Estabelecida a Irmandade do Divino Espírito Santo, em 1972, começaram os preparativos para a concretização das festança, o que ocorreu em 14, 15 e 16 de outubro, com festeiros escolhidos no próprio bairro do Porto, sem quaisquer incômodos às autoridades religiosas.

Como se não contava com padre, este foi substituído pelo capelão-leigo Venâncio Teixeira da Cruz, da Irmandade do Divino de Anhembi, que além de violeiro-canturião, é puxador de terço no levantamento do mastro do Divino, encimado pela pomba vermelha em fundo branco…

Junto à Casa do Povoador há um cruzeiro.
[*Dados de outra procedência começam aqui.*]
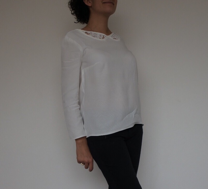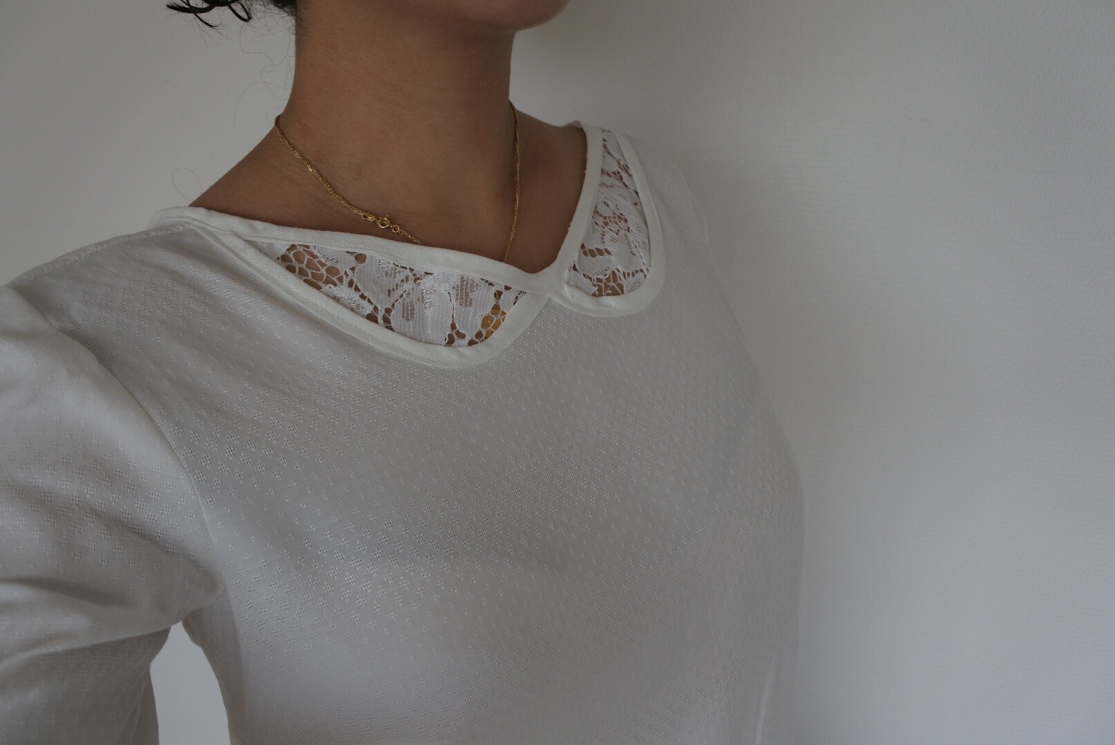 Concernant la pièce finale : - Je suis très contente de ce petit col , rehaussé par de la dentelle (il aurait peut être mérité un peu plus d’application de ma part)
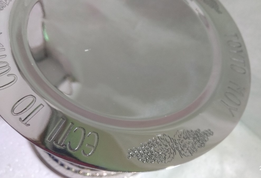 Дискос изготовлен из двух видов сплавов. Нижняя часть выполнена из латуни, тарель – из нержавеющей стали. Изделие украшает декоративный орнамент, нанесенный на поверхность широкого основания конусообразной формы. Защитное покрытие по технологии никелирования придает изделию сдержанный внешний вид и привлекательный блеск. Изображения и надписи на поверхности тарели выполнены по технологии гравировки.
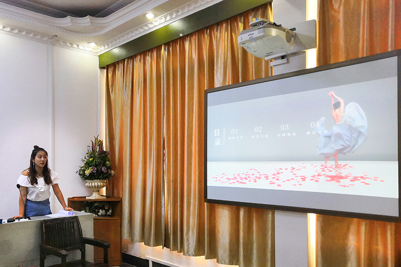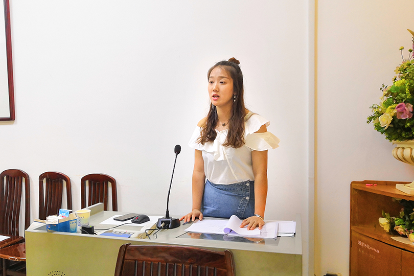 答辩会上,朱莉莎首先结合PPT内容,向大家介绍了项目的基本概况以及自己的感悟,朱莉莎从多个方面分析了“渗透式”软开度训练在少儿拉丁舞中的实用性,项目极具创意又兼具实践性,新颖的观点、独到的解说给与会人员留下了深刻的印象。在认真听取项目陈述后,评委老师根据项目选题、研究内容、研究方法以及研究成果对选手进行提问,也针对项目内容也提出了针对性的意见和要求。

No domingo à tarde ali reúnem-se todos os Irmãos, os novos festeiros, que ao final do terço, recebem a Bandeira do Divino e mais cartuchos de flores, estes reciprocamente: os novos para os que se despedem e vice-versa.

Forma-se a Procissão do Divino, laica, em longas filas de marinheiros e marinheiras, os festeiros, a Irmandade, que conduzem os escolhidos à sua residência, ao som da Banda União Operária.

Na noite de sábado há um cururu e desafio (não a cana-verde, nem fandango) que entram pela madrugada.

1 comentário

  1. R Cordel em 27/02/2013 às 16:34

    Fui Marinheiro do Divino por vários anos. Boas recordações!